After a subagent completes, its changes exist on a branch in the worktree. The orchestrator merges them back via standard git operations. When the workflow completes or is cancelled, worktrees are cleaned up.
Runbook protocol
Each workflow phase has a runbook: a machine-readable sequence of steps the agent should follow. Agents retrieve their runbook via:
{ "action": "runbook", "phase": "delegate" }The runbook returns structured data, not prose. Each entry specifies the tool to call, the action, its purpose, which events to emit, the transition criteria, and guard prerequisites:
Skill: @skills/delegation/SKILL.md
Tools: exarchos_workflow (get: Read task list), exarchos_event (append: Emit task.assigned)
Events to emit: task.assigned -- On dispatch of each task, team.spawned -- After team creation
Transition: All tasks complete -> review | Guard: tasks[].status = 'complete'The runbook also flags human checkpoints, phases where the agent should pause and wait for user input before proceeding. The feature workflow has two: plan-review (approve the approach) and synthesize (approve the merge).
This protocol means agents don't need to interpret long prose instructions about what to do in each phase. The runbook tells them exactly which tools to call and when, and the state machine enforces that they follow the prescribed transitions.
Hook system
Eight lifecycle hooks automate verification at specific moments in the workflow.
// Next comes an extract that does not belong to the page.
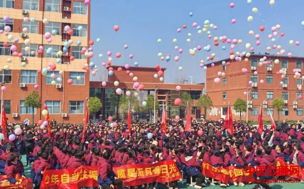在梦想飞扬环节,学生们集体放飞书写着梦想的气球。五彩斑斓的气球承载着同学们对未来的憧憬,缓缓飘向天空,象征着大家追逐梦想的决心与勇气。
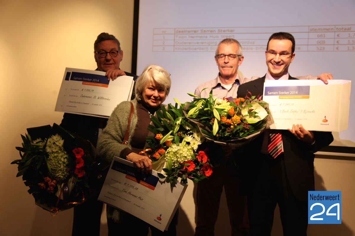 De Rabobank keerde in totaal 75.000 euro uit aan 298 verenigingen. De meeste stemmen en dus het hoogste bedrag ging naar het Toon Hermans Huis in Weert. Op de tweede en derde plaats eindigden de Ouderenvereniging St. Willibrordus en Kinderboerderij ’t Bèèle Erfke/’t Nijsweike uit Stramproy.

Hooks are defined in hooks.json and run as lightweight CLI subcommands with tight timeouts:
| Hook | When it fires | What it does | Timeout |
|---|---|---|---|
SessionStart | Session starts or resumes | Checks for active workflows, loads context | 10s |
PreCompact | Before context compaction | Saves a workflow checkpoint to survive compaction | 30s |
PreToolUse | Before any Exarchos MCP call | Phase/role guard -- blocks invalid tool calls | 5s |
TaskCompleted | After a subagent task finishes | Runs convergence gates on the completed work | 120s |
TeammateIdle | When a spawned teammate is idle | Verifies work quality before proceeding | 120s |
SubagentStart | When a subagent is spawned | Injects workflow context into the subagent | 5s |
SubagentStop | When an implementer/fixer finishes | Collects results from the subagent | 10s |
SessionEnd | When the session ends | Records session metrics and cleanup | 30s |
Hooks run as fast-path subcommands that skip heavy initialization (no SQLite backend, no eval dependencies). They read stdin as JSON, perform their check, and write JSON to stdout. The PreToolUse guard is the most critical: it validates that the requested tool action is allowed in the current workflow phase and for the caller's role, preventing agents from calling tools they shouldn't have access to.
Task lifecycle
Tasks are the unit of work within a workflow. They follow a defined lifecycle:
graph LR
pending -->|assigned to agent| assigned
assigned -->|agent claims| claimed
claimed -->|progress events| progressed
progressed -->|work done| completed
progressed -->|work failed| failed
failed -->|fixer assigned| assignedTasks are created during the planning phase and assigned during delegation. When a subagent starts, it claims its assigned task. Progress events track TDD phases (red, green, refactor) as the implementer works. On completion, the task includes evidence (test output, build results) that convergence gates can verify.
Failed tasks can be reassigned to a fixer agent. The fixer receives the full failure context: the error message, diagnostic information, and the original task description. This gives the fixer a head start compared to starting from scratch.
Task events (task.assigned, task.claimed, task.progressed, task.completed, task.failed) are all recorded in the event store, providing a complete audit trail of who did what and when.